Perhaps the biggest story of 2021 was the massive exit activity among venture backed companies during the year. VC backed companies produced approximately $774.1 billion in exit value through public listings and acquisitions, a whopping 168% increase over 2020, with the lion’s share of that – $681.5 billion – being in the form of public listings. Much of the increased public listing activity was attributed to SPACs, which emerged as a popular alternative to IPOs in 2020 and 2021. Exit count also set a new record in 2021 with over 1,800 deals closed, which suggests the year’s exit performance was broad based, rather than relying heavily on massive deals.

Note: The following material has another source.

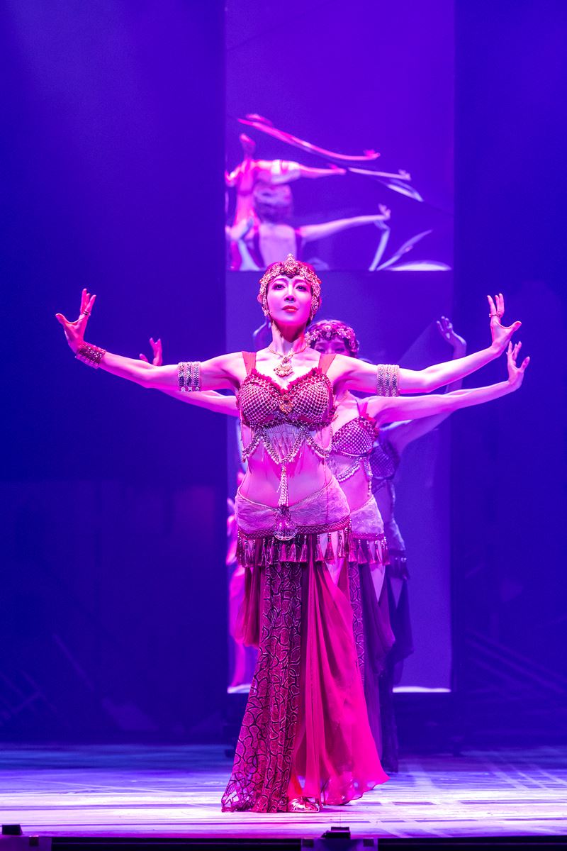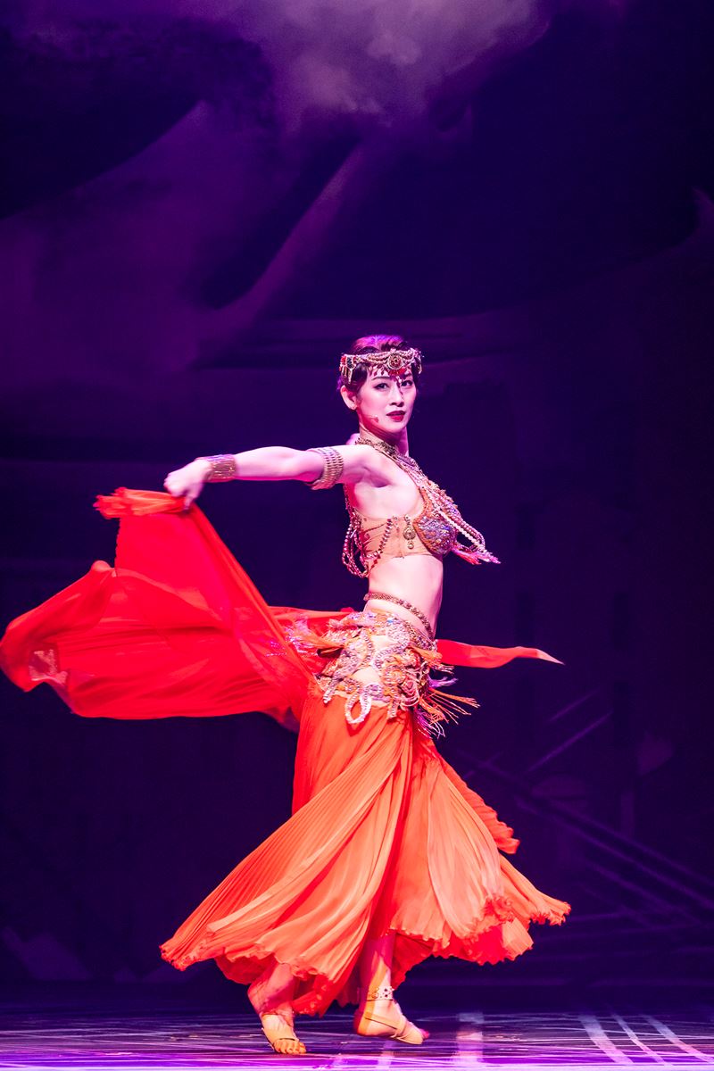 今回で再々演となる演目だが、その人気の理由を改めて体感する3時間となった。やはりまずはマタ・ハリという女性の魅力が大きい。ジャワの妖艶な踊り手にして、スパイとして暗躍したと言われる実在の人物。その華やかさとは裏腹に、抱える闇の深さ。そしてそれゆえに強く愛を求めながらも、信じ切ることが出来ない悲しさ。そんな複雑な生きざまを、柚希は一見強く、だが実に繊細に、愛希は危ういようで、芯の太さを滲ませ体現する。同じマタ・ハリながら両極とも言えるふたりの演技に、それぞれ役者としての底力を見た。また続々と変わる絢爛豪華な衣裳も目を引く。

The lion’s share of exit activity in 2021 went to public listings, producing $681.5 billion of the $774 billion in exits. A total of 296 venture backed companies completed public listings in 2021, an extraordinary increase of 114.5% over 2020. Interesting to note that the Venture Monitor changed this category from “IPO” to “public listings”, which includes IPOs, direct listings and reverse mergers via SPACs, to accommodate the different ways it tracks the transition of venture backed companies to public markets.
Predictions for 2022
Despite the phenomenal performance of venture capital in 2021, the prospects for the industry in 2022 will depend on how some tailwinds and developing headwinds play out against one another. Chief among the tailwinds is the prodigious level of VC investor dry powder. The venture ecosystem is flush with over $220 billion in untapped cash, according to the Venture Monitor, including nearly $130 billion raised last year and $13 billion already raised in the first week of January of this year.

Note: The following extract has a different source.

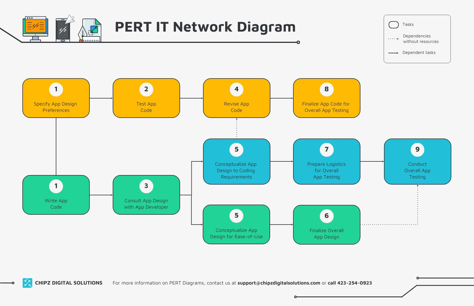 PERT Network Diagram For IT Template Venngage

But there are new challenges heading into 2022, the first of which are the highest levels of inflation in 40 years. In an effort to mitigate against that, the Federal Reserve has announced it intends to raise interest rates, after more than a decade of near-zero rates, threatening one of the key factors in the recent multi-year bull market — cheap capital – and portending a drag on market stock prices. This could in turn lead to lower late-stage private company valuations, which means a more difficult exit environment for venture backed companies.

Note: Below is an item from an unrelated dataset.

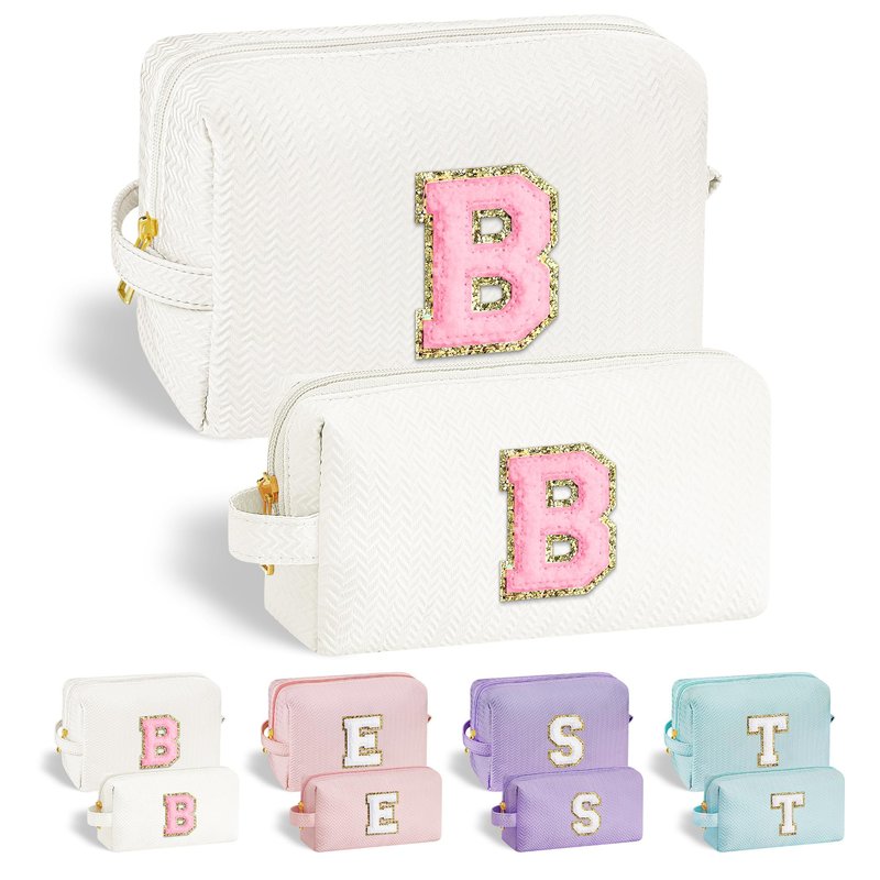 - 【UNIQUE DESIGN】: The initial makeup bag is designed with an inside pocket, which can keep your cosmetics orderly and tidy. The front of the bag has a unique stitch chenille letter will not be easy to drop.The quality alloy and gold-plated zipper is easy to close and open, you can easily take out the items you have stored in your bag

But could lower valuations be a form of winning by losing for the venture industry? Valuations went through steep escalations last year across all stages of development. For example, seed pre-money valuations grew to a median of $9.5 million, an increase of 35.7% over the previous record high of $7.0 million in both 2019 and 2020. Median late-stage pre-money valuations spiked last year to approximately 20 times revenue, nearly double the 10.9x multiple in 2020, according to PitchBook. Some VCs are concerned about the risk of a bubble forming in the venture capital markets and are suggesting the industry would benefit from a valuation retrenchment. But lower valuations of course are a double-edged sword for VCs; they want reduced valuations for the initial investment, but higher valuations in subsequent rounds (because the earlier purchased shares get marked up) and on exit.
 Venture Monitor considers a seed round to be a round below $500,000 and is the first round as reported by a government filing. It would be deemed an angel round if there is no prior PE or VC investment in the company and it can’t be determined if any PE or VC firms are participating. A round is generally classified as early stage if it involves the issuance of Series A or B, and late-stage if Series C or later.